How can this be done in a iterative way perhaps efficiently?
IMO, You can handle your answer by an algorithm to handle this:
If 8x8 result is:
0 1 2 3 4 5 6 7
1 0 3 2 5 4 7 6
2 3 0 1 6 7 4 5
3 2 1 0 7 6 5 4
4 5 6 7 0 1 2 3
5 4 7 6 1 0 3 2
6 7 4 5 2 3 0 1
7 6 5 4 3 2 1 0
You have actually a matrix of two 4x4 matrices in below pattern:
m0 => 0 1 2 3 m1 => 4 5 6 7 pattern => m0 m1
1 0 3 2 5 4 7 6 m1 m0
2 3 0 1 6 7 4 5
3 2 1 0 7 6 5 4
And also each 4x4 is a matrix of two 2x2 matrices with a relation to a power of 2:
m0 => 0 1 m1 => 2 3 pattern => m0 m1
1 0 3 2 m1 m0
In other explanation I should say you have a 2x2 matrix of 0 and 1 then you expand it to a 4x4 matrix by replacing each cell with a new 2x2 matrix:
0 => 0+2*0 1+2*0 1=> 0+2*1 1+2*1
1+2*0 0+2*0 1+2*1 0+2*1
result => 0 1 2 3
1 0 3 2
2 3 0 1
3 2 1 0
Now expand it again:
0,1=> as above 2=> 0+2*2 1+2*2 3=> 0+2*3 1+2*3
1+2*2 0+2*2 1+2*3 0+2*3
I can calculate value of each cell by this C# sample code:
// i: row, j: column, n: matrix dimension
var v = 0;
var m = 2;
do
{
var p = m/2;
v = v*2 + (i%(n/p) < n/m == j%(n/p) < n/m ? 0 : 1);
m *= 2;
} while (m <= n);
We know each row must contain each number. Likewise, each row contains each number.

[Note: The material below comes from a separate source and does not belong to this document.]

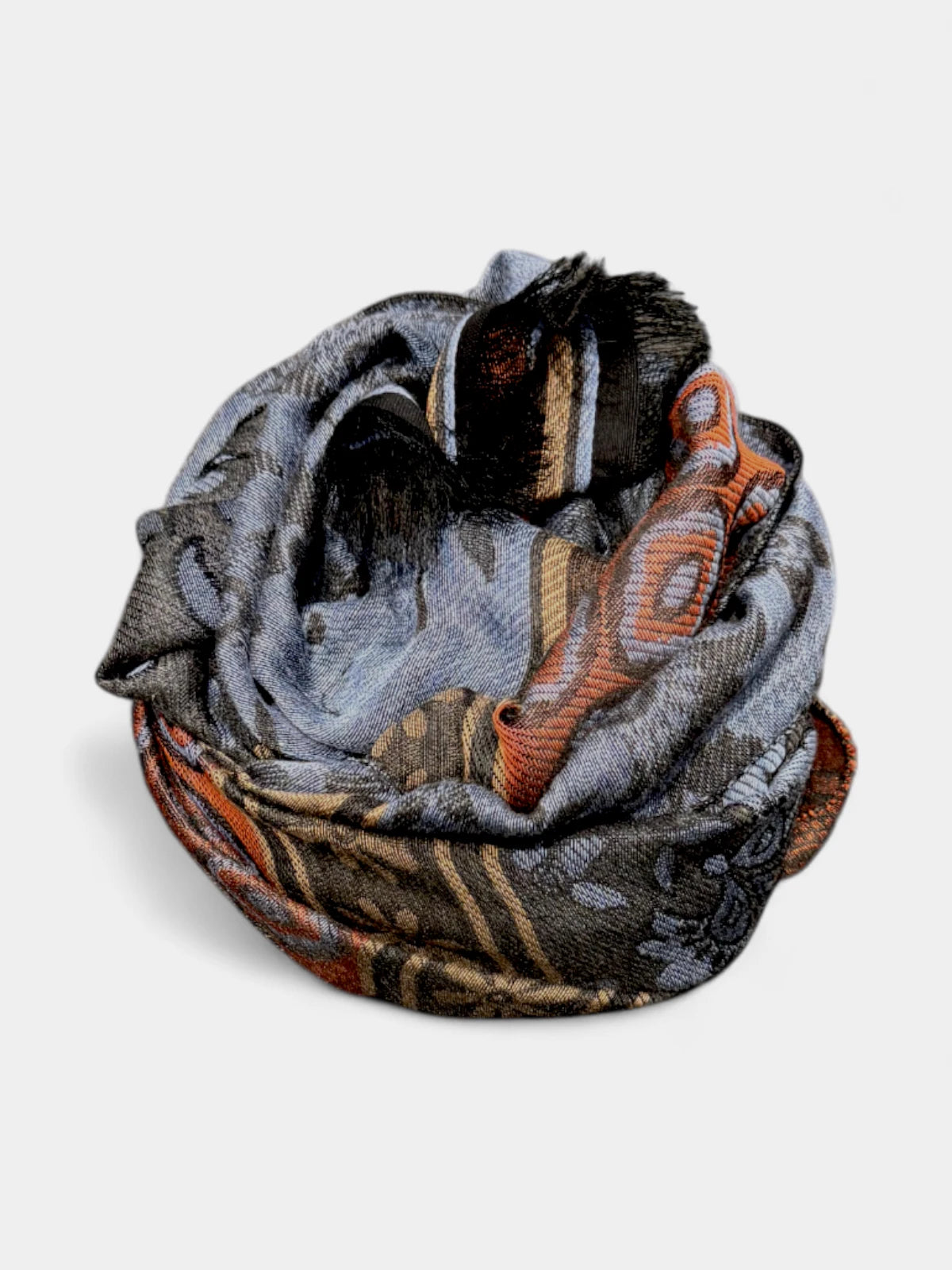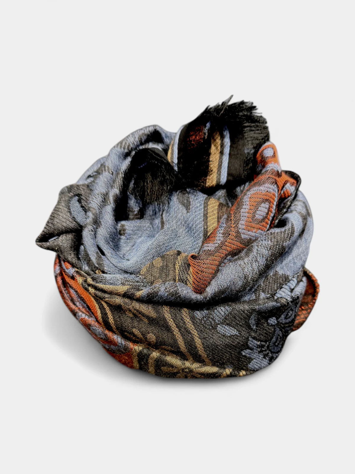 Designet fremstår i en varm orange tone med diskrete blå nuancer og et raffineret mønster, der tilfører dybde og personlighed. Et stilfuldt accessory, der bringer farve og karakter til enhver garderobe – med den velkendte italienske sans for detaljer.

Let us take CS convention of indices starting from 0.
First, consider how to place the 1's in the matrix. Choose a random number k0, from 1 to n-1. Place the 1 in row 0 at position (0,k0). In row 1, if k0 = 1 in which case there is already a one placed. Otherwise, there are n-2 free positions and place the 1 at position (1,k1). Continue in this way until all the 1 are placed. In the final row there is exactly one free position.
Next, repeat with the 2 which have to fit in the remaining places.
Now the problem is that we might not be able to actually complete the square. We may find there are some constraints which make it impossible to fill in the last digits. The problem is that checking a partially filled latin square is NP-complete.(wikipedia) This basically means pretty compute intensive and there no know short-cut algorithm. So I think the best you can do is generate squares and test if they work or not.
If you only want one particular square for each n then there might be simpler ways of generating them.
The link Ted Hopp gave in his comment Latin Squares. Simple Construction does provide a method for generating a square starting with the addition of integers mod n.
I might be wrong, but if you just look for printing a symmetric table - a special case of latin squares isomorphic to the symmetric difference operation table over a powerset({0,1,..,n}) mapped to a ring {0,1,2,..,2^n-1}.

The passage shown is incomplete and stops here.